(PROBLEM REQUIREMENTS): Return every record below exactly as given, images excluded.

——

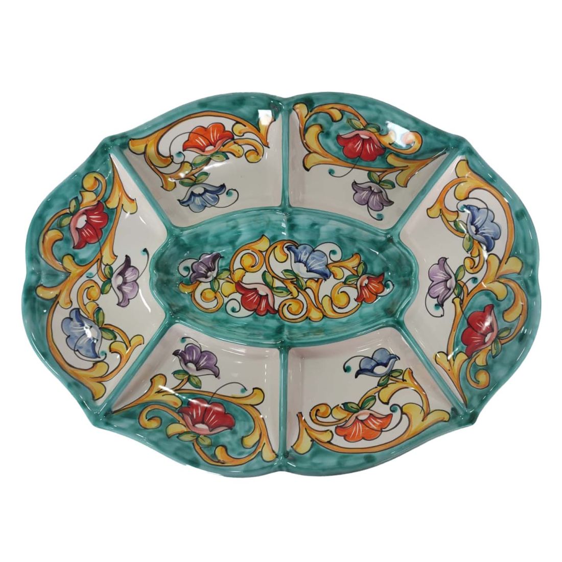 Appetizer Platter. Cold Dinner. 7 Compartments. Baroque & Flowers Line. Vietri Ceramic. Hand-Painted.
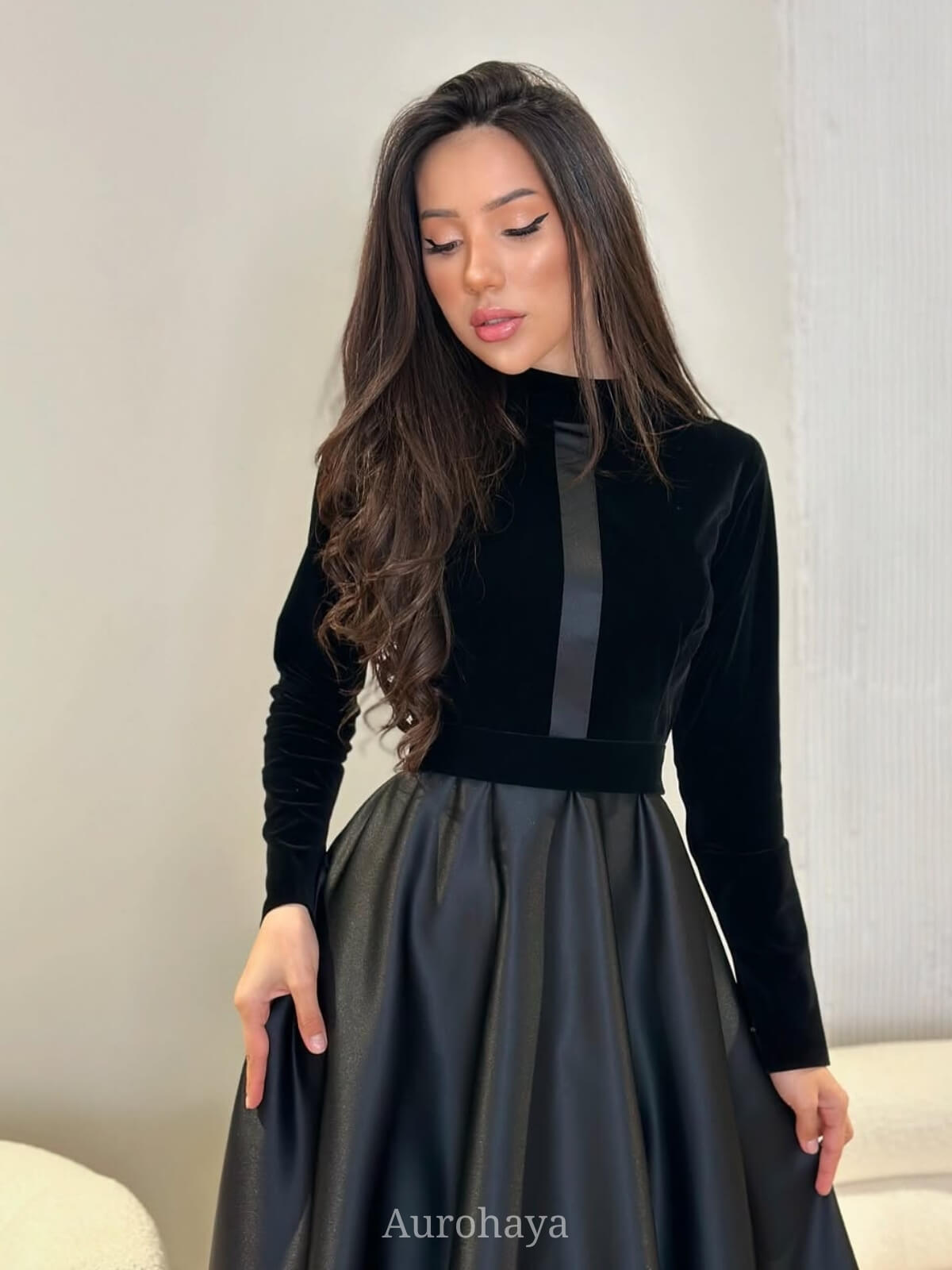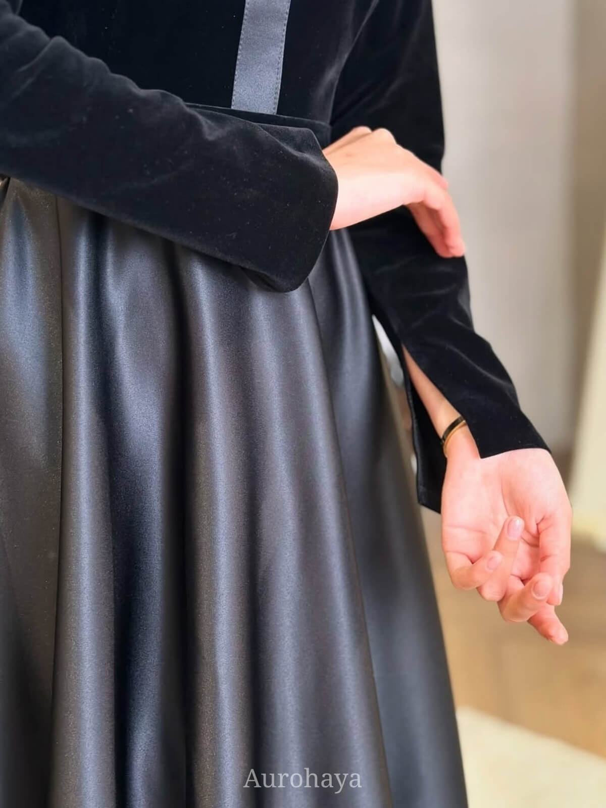 Crafted for formal occasions, the fitted velvet top features a refined high neckline and long sleeves for modest, graceful coverage. The contrasted satin skirt adds luminous sheen and fluid drape, creating a flattering A-line/maxi silhouette that skims the floor. Subtle seam detailing at the waist gives a corseted look without stiffness, offering structure with comfort.
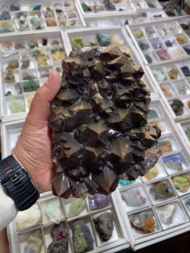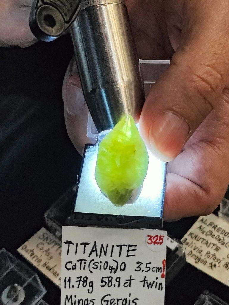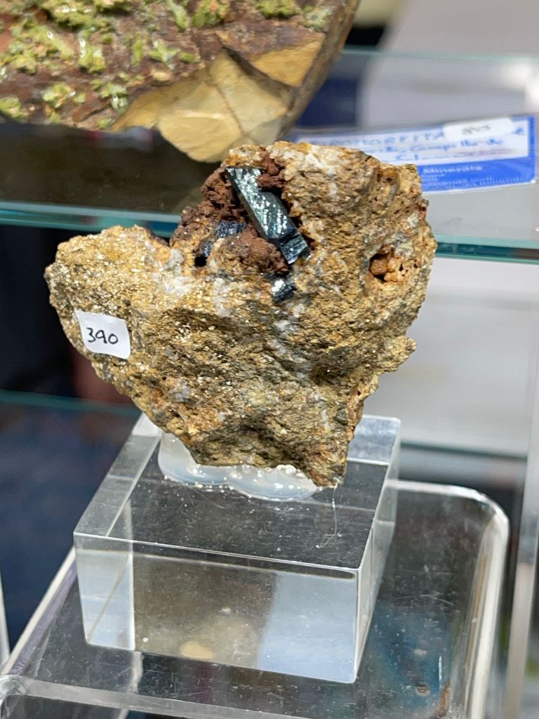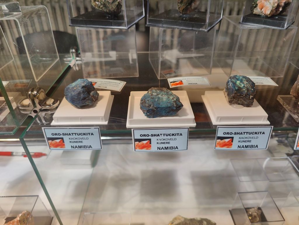 Com sempre, no van faltar minerals d’arreu del món: de l’Iran, andradita amb hedenbergita, de Gachin Salt, i mostres de granat amb andradita, dels Monts Belqueys. D’Afganistan, escapolita de la vall Kokcha; i del Kazakhstan, un exemplar de bornita molt ben cristal·litzat. També destacava un bon assortit de minerals de Namíbia: ortoclasa, beril (varietat aiguamarina) i boltwoodita, d’Erongo; a més d’unes bones mostres d’or amb shattuckita de Kaokoveld. També del continent africà, calcita cobaltífera amb kolwezita de la mina Mashamba, R.D. del Congo; o un exemplar de les sempre curioses tanzanites d’Arusha, Tanzània. D’altres indrets, destacar una mostra de quars amb terminació pinacoidal de la mina Poema, Bolívia; del Brasil, beril heliodor de Padre Pariso o una peça de titanita amb cristalls translúcids de molt bona mida; ametista d’un indret poc conegut com és Nyiri, Hongria, o una mostra de les clàssiques però no per això menys espectaculars esfalerites (varietat cleofana) de Madan, Bulgària, que tot i ser força grans, es veien ben translúcides amb una bona il·luminació.
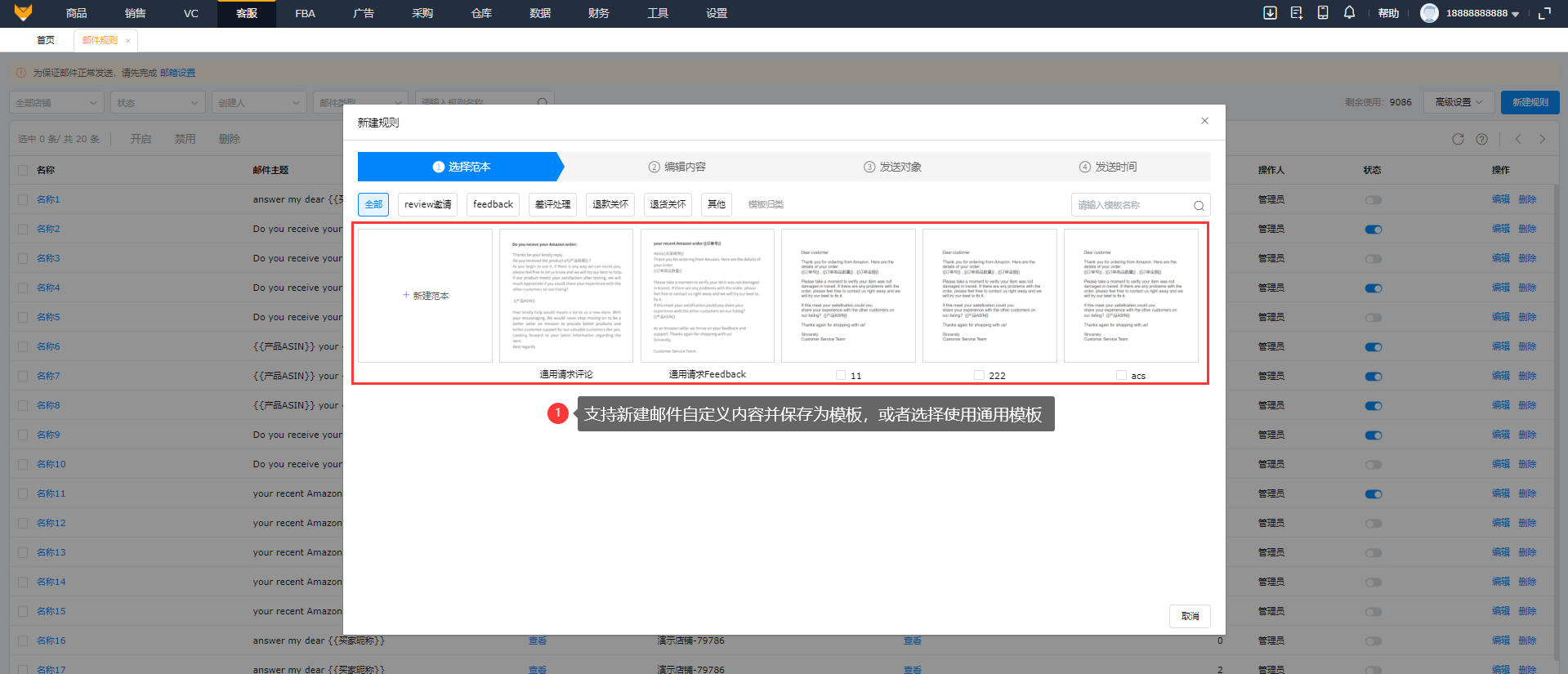 ①点击“新建规则”,选择范本,支持新建邮件自定义内容,或者选择使用通用的邮件模板。
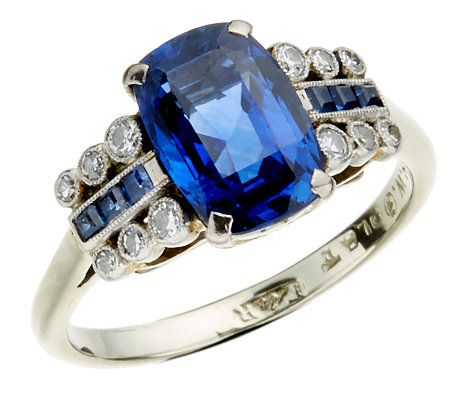 Centrally set with an oval cut sapphire, flanked by diamonds and carre cut sapphires, mounted in platinum and 18ct white gold, ring size L.
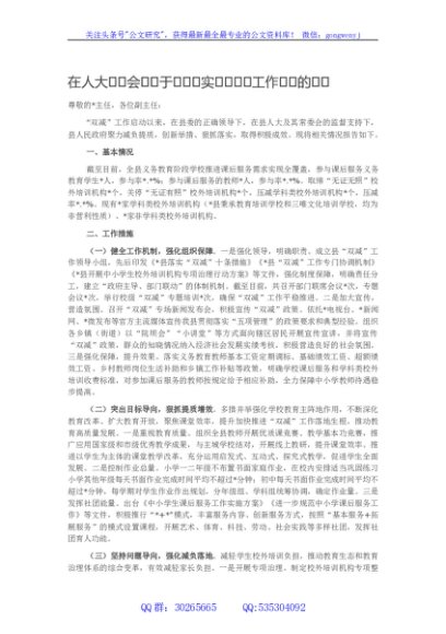 / 在人大常委会上关于贯彻落实“双减”工作情况的报告

——

(TASK RESULT):
 Appetizer Platter. Cold Dinner. 7 Compartments. Baroque & Flowers Line. Vietri Ceramic. Hand-Painted.
 Crafted for formal occasions, the fitted velvet top features a refined high neckline and long sleeves for modest, graceful coverage. The contrasted satin skirt adds luminous sheen and fluid drape, creating a flattering A-line/maxi silhouette that skims the floor. Subtle seam detailing at the waist gives a corseted look without stiffness, offering structure with comfort.
 Com sempre, no van faltar minerals d’arreu del món: de l’Iran, andradita amb hedenbergita, de Gachin Salt, i mostres de granat amb andradita, dels Monts Belqueys. D’Afganistan, escapolita de la vall Kokcha; i del Kazakhstan, un exemplar de bornita molt ben cristal·litzat. També destacava un bon assortit de minerals de Namíbia: ortoclasa, beril (varietat aiguamarina) i boltwoodita, d’Erongo; a més d’unes bones mostres d’or amb shattuckita de Kaokoveld. També del continent africà, calcita cobaltífera amb kolwezita de la mina Mashamba, R.D. del Congo; o un exemplar de les sempre curioses tanzanites d’Arusha, Tanzània. D’altres indrets, destacar una mostra de quars amb terminació pinacoidal de la mina Poema, Bolívia; del Brasil, beril heliodor de Padre Pariso o una peça de titanita amb cristalls translúcids de molt bona mida; ametista d’un indret poc conegut com és Nyiri, Hongria, o una mostra de les clàssiques però no per això menys espectaculars esfalerites (varietat cleofana) de Madan, Bulgària, que tot i ser força grans, es veien ben translúcides amb una bona il·luminació.
 ①点击“新建规则”,选择范本,支持新建邮件自定义内容,或者选择使用通用的邮件模板。
 Centrally set with an oval cut sapphire, flanked by diamonds and carre cut sapphires, mounted in platinum and 18ct white gold, ring size L.
 / 在人大常委会上关于贯彻落实“双减”工作情况的报告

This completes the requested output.